The DeepLearning.AI Data Engineering Professional Certificate is a comprehensive online program for data engineers and practitioners looking to start or grow their careers.
Organizations of all sizes and across all industries are capturing and generating data at an ever-increasing pace. Within these organizations, every team, from executives, sales and marketing, finance and operations, product and engineering, to customer service, can derive insights and value from organizational data. Whether the end use case is data science, machine learning, or analytics, data engineering is what allows raw data to be converted to value for the business. This is why the role of data engineer is one of the highest-demand jobs in tech today.
Throughout this program, you'll learn the foundations of data engineering while gaining hands-on experience designing and implementing data architectures using AWS and open-source tools.
Taught by industry expert Joe Reis, co-author of Fundamentals of Data Engineering, this certificate equips you with the skills and knowledge to excel in a high-demand field, focusing on ingesting, processing, transforming, storing, and serving data to data stakeholders to drive organizational and business objectives. The practical labs were developed in partnership with AWS and Factored.AI to provide you with an authentic experience building data systems on the cloud.
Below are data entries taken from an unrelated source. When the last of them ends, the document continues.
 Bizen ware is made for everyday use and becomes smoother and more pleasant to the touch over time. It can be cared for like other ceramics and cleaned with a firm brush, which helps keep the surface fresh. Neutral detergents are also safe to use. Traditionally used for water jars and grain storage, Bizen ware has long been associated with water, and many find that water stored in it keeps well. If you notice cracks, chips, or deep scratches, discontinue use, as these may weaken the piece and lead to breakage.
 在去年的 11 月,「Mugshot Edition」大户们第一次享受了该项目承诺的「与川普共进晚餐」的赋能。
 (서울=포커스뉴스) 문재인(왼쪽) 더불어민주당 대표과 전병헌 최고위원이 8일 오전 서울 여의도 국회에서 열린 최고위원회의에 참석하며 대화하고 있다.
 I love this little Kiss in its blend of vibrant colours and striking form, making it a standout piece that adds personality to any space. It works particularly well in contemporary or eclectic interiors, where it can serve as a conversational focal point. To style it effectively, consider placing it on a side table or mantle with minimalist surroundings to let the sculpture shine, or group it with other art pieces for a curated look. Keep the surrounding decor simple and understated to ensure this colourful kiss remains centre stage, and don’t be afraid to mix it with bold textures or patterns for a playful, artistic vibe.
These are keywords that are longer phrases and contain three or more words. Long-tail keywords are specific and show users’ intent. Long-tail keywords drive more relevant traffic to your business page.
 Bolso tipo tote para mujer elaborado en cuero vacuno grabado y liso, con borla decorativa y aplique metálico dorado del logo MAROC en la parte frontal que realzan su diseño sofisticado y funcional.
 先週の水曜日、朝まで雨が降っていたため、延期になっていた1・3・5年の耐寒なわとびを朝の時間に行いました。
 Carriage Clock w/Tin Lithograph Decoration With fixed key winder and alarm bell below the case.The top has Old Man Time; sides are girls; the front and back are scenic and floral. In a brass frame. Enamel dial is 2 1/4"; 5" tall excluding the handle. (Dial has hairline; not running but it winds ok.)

With this certificate, you will have the tools to further your data engineering career.
Praktisches Lernprojekt
In this program, you'll:
Translate stakeholder needs into system requirements and choose the appropriate tools to build the system.
Build end-to-end batch and streaming pipelines on AWS for a product recommendation system.
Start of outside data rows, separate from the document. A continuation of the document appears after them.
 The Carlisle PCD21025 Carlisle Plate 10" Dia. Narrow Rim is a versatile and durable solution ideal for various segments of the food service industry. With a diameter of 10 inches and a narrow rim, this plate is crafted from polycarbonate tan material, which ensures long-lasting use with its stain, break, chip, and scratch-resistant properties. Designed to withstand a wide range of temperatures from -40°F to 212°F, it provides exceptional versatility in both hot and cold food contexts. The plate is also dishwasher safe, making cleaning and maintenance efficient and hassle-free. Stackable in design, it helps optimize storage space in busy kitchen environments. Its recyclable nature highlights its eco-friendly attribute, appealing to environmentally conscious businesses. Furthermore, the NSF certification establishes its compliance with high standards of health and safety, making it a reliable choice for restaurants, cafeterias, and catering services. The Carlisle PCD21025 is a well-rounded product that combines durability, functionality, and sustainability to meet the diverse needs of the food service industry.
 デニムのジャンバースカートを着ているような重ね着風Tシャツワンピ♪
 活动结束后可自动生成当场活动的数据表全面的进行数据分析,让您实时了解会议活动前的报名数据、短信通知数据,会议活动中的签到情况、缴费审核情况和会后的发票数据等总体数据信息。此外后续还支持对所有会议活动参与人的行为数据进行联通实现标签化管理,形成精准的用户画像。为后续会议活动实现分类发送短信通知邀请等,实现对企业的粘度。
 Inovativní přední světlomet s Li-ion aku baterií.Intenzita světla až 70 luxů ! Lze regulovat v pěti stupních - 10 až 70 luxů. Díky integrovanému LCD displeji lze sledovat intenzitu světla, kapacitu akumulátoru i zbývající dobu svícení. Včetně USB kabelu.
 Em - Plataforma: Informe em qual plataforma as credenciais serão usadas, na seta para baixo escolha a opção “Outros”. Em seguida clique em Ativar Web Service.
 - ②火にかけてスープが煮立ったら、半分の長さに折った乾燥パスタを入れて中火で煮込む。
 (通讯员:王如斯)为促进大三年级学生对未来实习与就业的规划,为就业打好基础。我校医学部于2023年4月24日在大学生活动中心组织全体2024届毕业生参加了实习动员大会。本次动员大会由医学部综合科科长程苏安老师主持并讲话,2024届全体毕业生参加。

Apply principles of good data architecture to assess the security, performance, reliability, and scalability of data systems on AWS.
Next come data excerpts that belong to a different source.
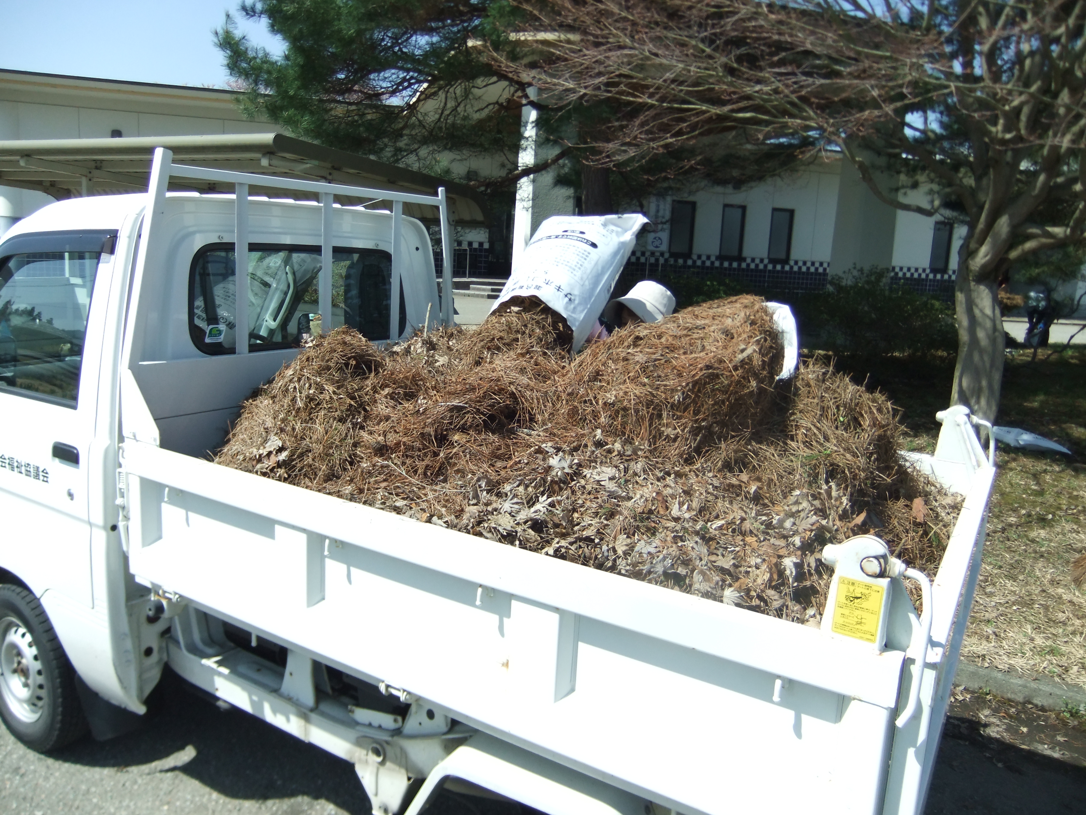 ・手分けして落ち葉を集めます。 ・軽トラの荷台が落ち葉でいっぱいになりました。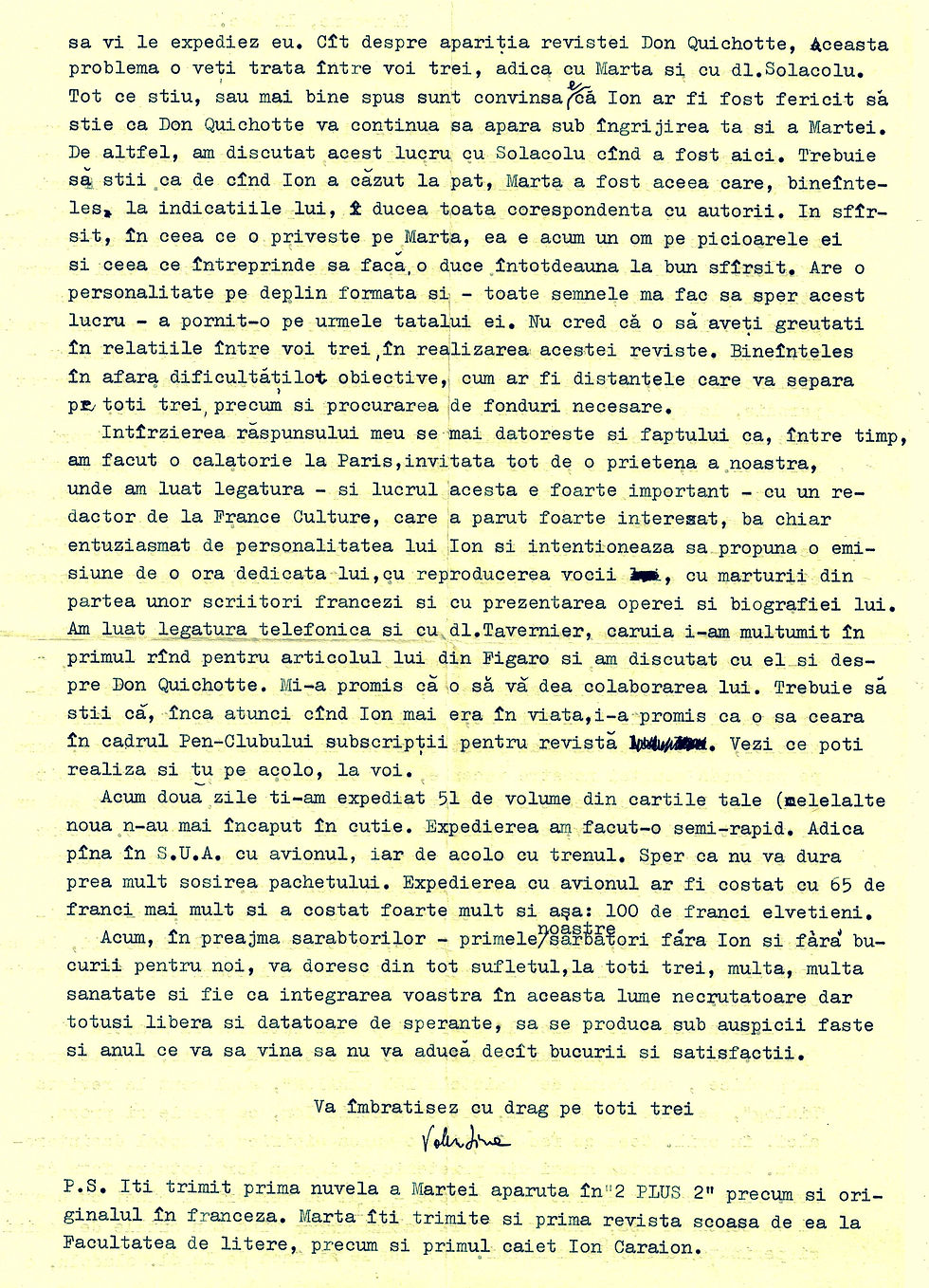 Îi mulțumesc Martei Caraion pentru acordul de a publica scrisoarea.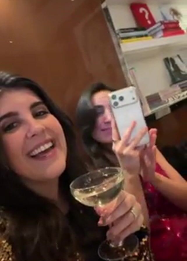 Two women are in an indoor setting with warm lighting. One woman is closer to the camera, wearing a sequined top, holding a stemmed glass filled with a light-colored liquid, smiling, and looking directly at the camera. The other woman is seated behind her, wearing a pink sequined dress, holding a white smartphone, and appearing to take a picture. Bookshelves are visible in the background, with a book bearing a red question mark at the top. The background wall is dark brown.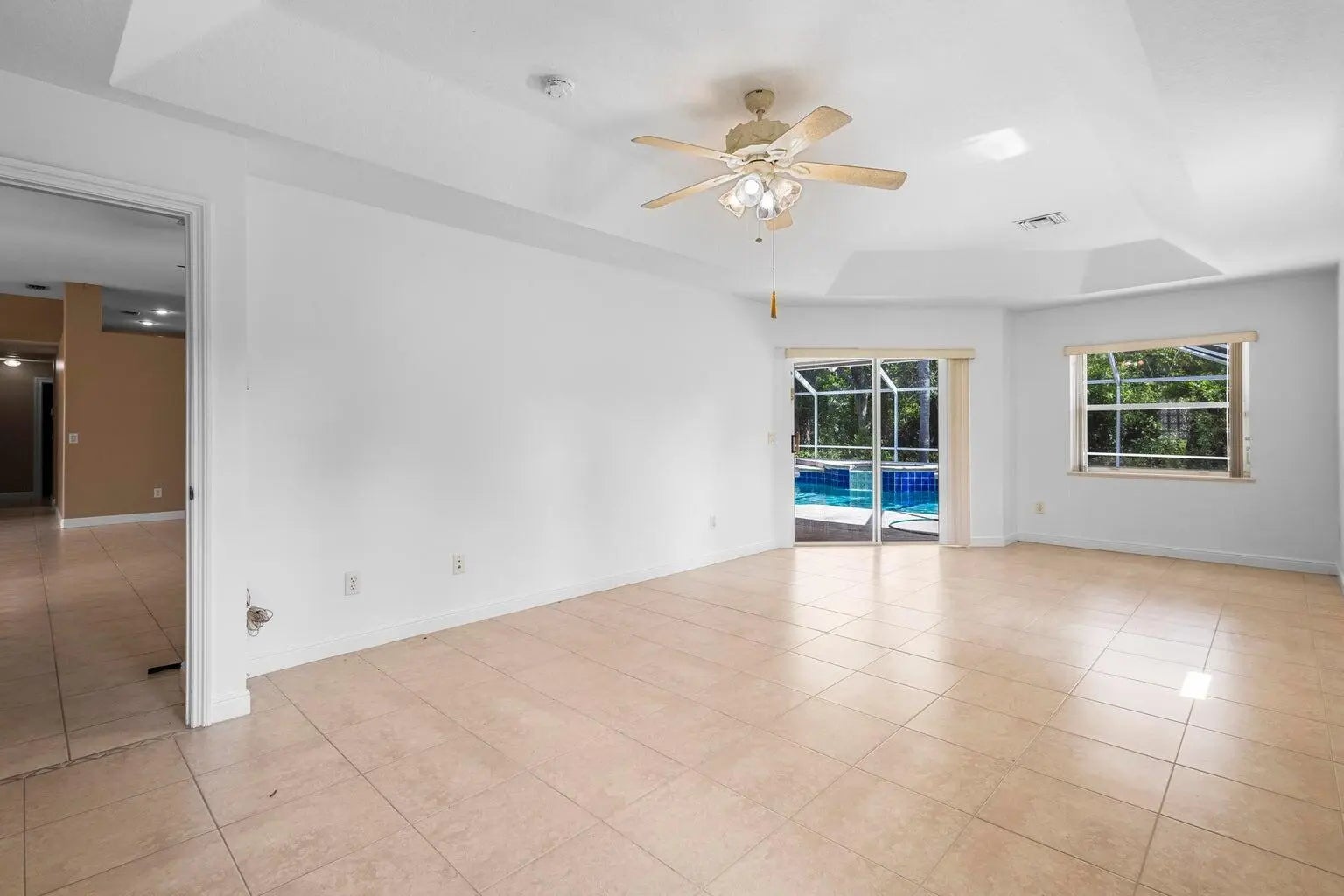 Three bedroon two bath with a den/office/4th bedroom. Cul de sac location. Screened lanai over the heated pool and spa. Formal Dining Room. 2016 A/C. Golf cart parking in garage.

Explore various types of source systems and troubleshoot common connectivity issues.
Use infrastructure and pipelines as code tools to orchestrate, automate, and monitor your data pipelines.
Design data lake and data lakehouse storage architectures for various use cases.
Explore the impact of data storage choices on query performance and cost.
Model and transform data for analytics and machine learning use cases and compare centralized processing frameworks such as Pandas with distributed processing frameworks like Spark.
Serve your data to downstream data stakeholders for business analytics and machine learning use cases.